Saturday, January 20, 2018
Abacus: Small Enough to Jail. A Review
ABACUS: SMALL ENOUGH TO JAIL
It has been ten years since the world financial market teetered on the verge of total collapse. The 2008 mortgage crisis had many causes and villains, but in the banking industry, there was only one that faced any actual prosecution. It was not Morgan Stanley. It was not Wells Fargo. It was not Bank of America.
Instead, it was a small family-run bank with a total of six branches that specialized in working with the Chinese-American community, primarily in New York's Chinatown. Abacus: Small Enough to Jail is a play on the idea that it was targeted because unlike the other major international corporations that were 'too big to fail', Abacus was easy pickings. It was small and from a community that was not seen as a threat politically. Abacus: Small Enough to Jail chronicles the Abacus trial, the effects it had on the family behind the bank, and on how Abacus Federal Savings Bank was almost made the scapegoat for a disaster not of their own making.
Thomas Sung, a first-generation Chinese-American, saw a need for a bank to service his community. With that, he founded Abacus, using the legendary Chinese calculator as inspiration for the name. Over time, Abacus Federal Savings Bank grew to respectability and prestige, and three of his four daughters came aboard to help run AFSB. Only another daughter, Chanterelle, opted not to join the family business, but to become a lawyer and work for the New York County District Attorney.
That same attorney, Cyrus Vance, Jr., would become the Sung Family nemesis.
In December 2009, one of AFSB's employees, Qi Bin (Ken) Yu, was exposed as a thief and money launderer. Moreover, he was deceiving the bank about loans made. Yu was immediately fired and Jill Sung, one of AFSB's officers, reported the crime to the authorities. Despite fully cooperating with the police, and despite the bank itself being the one to expose and report the crime, the NYCDA believed the bank itself must have known about the fraud. Moreover, it was convinced the Sungs themselves were in cahoots with all the financial shenanigans.
With that, began a five-year ordeal of investigations, accusations, and a 67-day trial. It was the second crisis the Abacus had faced, as in 2003 a previous employee had stolen money from the bank and caused a temporary panic among its depositors, who made a run on the bank until Mr. Sung went to meet them personally to calm them down.
The long process drags itself out, as Abacus sees other, larger banks get off or pay a large fee. Vance is either deaf or disinterested in how his manner could possibly be seen as insensitive, such as when he has a group of ANSB employees paraded in front of the press chained together for the cameras. As one lawyer observed, this is something Vance would never have done if the accused had been black, the connotations being too explosive.

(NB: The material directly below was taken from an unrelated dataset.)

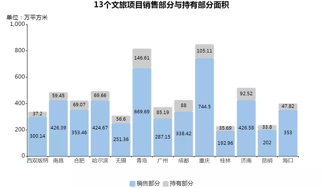 据财报披露,13个文化旅游项目总建筑面积合计约为5897.05万平方米,其中,自持面积约为927万平方米,可售面积约为4970万平方米,可售面积约占总建筑面积的84%。经过计算得知,收购过来的万达文旅项目,约80%的土地储备将会被出售。

The trial goes on, and it affects the Sungs, particularly the matriarch, Hwei Lin, who is displeased on how this affects her almost 80-year-old husband. At the end of the trial, the jurors appear deadlocked, with the majority voting not guilty. Finally, the jurors did come to a decision: not guilty on all charges. Thomas Sung celebrates, and a little spark of political activism among the Chinese-American community is lit, with many believing that Vance went after Abacus not just due to their relatively small status, but because few would care or mount much protest over the defendants being Asian.

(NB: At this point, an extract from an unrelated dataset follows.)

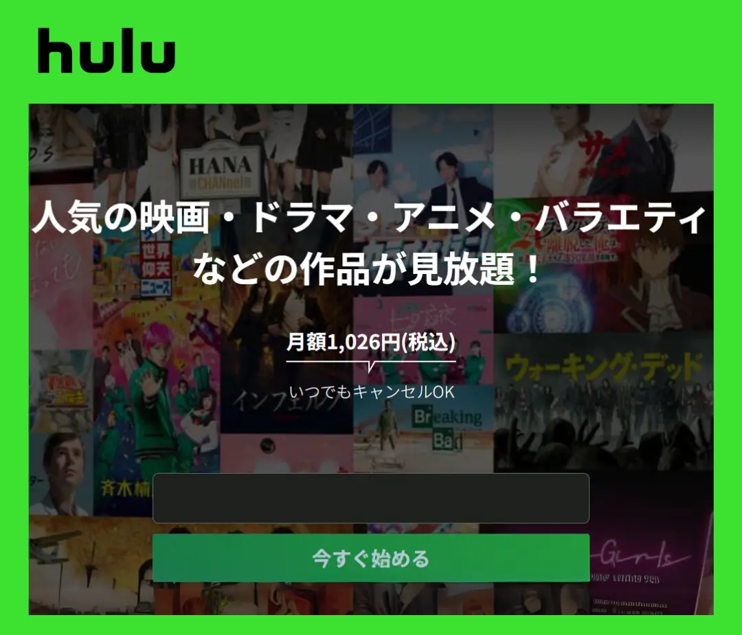 | Hulu | 1,300本 | 1,026円 | |||

At times, you would not be faulted for thinking director Steve James went overboard in portraying the Sungs as being almost saint-like. We start the film with scenes from It's A Wonderful Life, and more than once is it either suggested or flat-out stated, mostly by Mr. Sung, that he is like George Bailey. That's all well-and-good that Mr. Sung sees himself as a George Bailey, or that James sees him likewise. It, however, does make one wonder if perhaps it is a bit over-the-top to have the family, with their loving but on occasion bickering and snappish temperaments, made out to be as endearing as the Baileys.
At one point, the story of the 2003 run on Abacus is countered with a similar scene from It's A Wonderful Life and one thinks, 'you're going a bit too far here'.
There were other elements that Abacus could have done better. A major question was on whether Jill Sung was going to testify at the trial. While we were in on the conference call, I don't remember we actually heard from Jill over her decision. That decision to not testify too had to be learned from inference more than from the actual film itself.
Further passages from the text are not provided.